Go ahead and try to generate a new column in our data table called "offenseID" and populate it with the offense IDs that you created in a reference table that VLOOKUP uses. (The analog is matching up the letter A with a value of 90 to 100 in a final grade percent table--we are looking up offense IDs instead of letter grades). When creating your lookup table, you'll want to list all of the unique values found in the original data in one column, and give them a pretty ID number of your choosing. So your first row in this lookup table will be something like "5511(c)(1) CRUELTY TO ANIMALS" in column 1 and a number like 1000 in column 2.
When building your lookup table, you need to determine all the unique values in the OFFENSES column. Here is a discussion of some ways to do this in Libre Office calc.
Whew! With your new offense IDs generated, you're ready to start analyzing the data with filters, pivot tables, and charts.
Filter all the columns such that you can sort by unique values, and exclude values that you don't want to work with.
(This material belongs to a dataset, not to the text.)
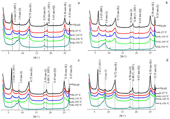 To identify phyllosilicate minerals in the clay fractions of natural soils, X-ray diffraction (XRD) was performed after removal of free Al- and Fe-oxides from the fractions by the dithionite–citrate–bicarbonate extraction method [43]. The mineralogical compositions of clay fraction (<2 μm) within macroaggregates and microaggregates were determined by random powder and oriented samples. Prior to XRD analysis, the following treatments were performed on tested samples: Mg-glycol saturation (Mg-gly) and K saturation (K). The Mg and Mg-gly samples were examined at 25 °C. The K-saturated samples were examined at 25 °C, then heated for 2 h at 110 °C, 350 °C, and 550 °C [44]. The random powders on glass slides and the oriented samples were measured by an X-ray diffractometer (D8 Advance, Bruker, Rheinstetten, Germany) with Cu Kα radiation (λ = 1.5418 Å) generated at 40 kV and 40 mA. Diffraction data were recorded in scanning mode and converted to step patterns (with a step of 2° 2θ between 4 and 40° 2θ, using a 60 s counting time per step) [45]. The mineralogical compositions of the clay fractions in the XRD patterns were analyzed using Jade software (Materials Data, Inc., Livermore, CA, USA).

Here's the Ahuka tutorial.
Use your pivot table skills to mush the data around to look for answers to the above inquiry questions or ones you generate on your own. Prepare to discuss these in person on Saturday.

Week 4: Sat 10 Feb - Fri 16 Feb

Return of the spreadsheet | OpenRefine Magic

We must never underestimate the importance and value of spreadsheets as the foundation for data analysis. This lesson will review essential spreadsheet operations. We'll also introduce a tool designed for more powerful data cleaning and replacement (but weaker on analysis tools) called OpenRefine. The mid-week exercise will involve producing a small data analysis project through its lifecycle.

Learning Objectives

Confidently implement essential spreadsheet text and numeric functions to process data for display
Create pivot tables and pivot charts after initial processing of spreadsheet data
Conduct basic faceting and filtering in Open Refine
Critique a data journalism/report created by a data scientist and published online

Learning Resources

OpenRefine's GitHub Account with install instructions
OpenRefine's Expression Language Reference
The master data repo: Data is Plural Blog Archive and repo links (Make a copy into your own Google Drive account)
Eric's data processing example: Nuclear Blast record

Learning Exercises:

Review the following data journalism piece by the local outfit: PublicSource. Data journalism example: Let's Talk About race and statistics every Pittsburgher should know. Consider the following questions:

What makes the graphs presented effective? How do you feel about the "drawing" effect used in the graphics?
How did Public Source use honest journalism principles in their article?
This article didn't present any analysis or political opinions explicitly--but are there implicit messages given in this data? How do you feel about this approach (sharing policized data without analysis)?
What is the source of this data? Does knowing the source add or detract from the value of this article?

Let's stretch our spreadsheet muscles with school-related civil rights (discipline) data located on our server here. Download this spreadsheet and follow these analysis guidelines.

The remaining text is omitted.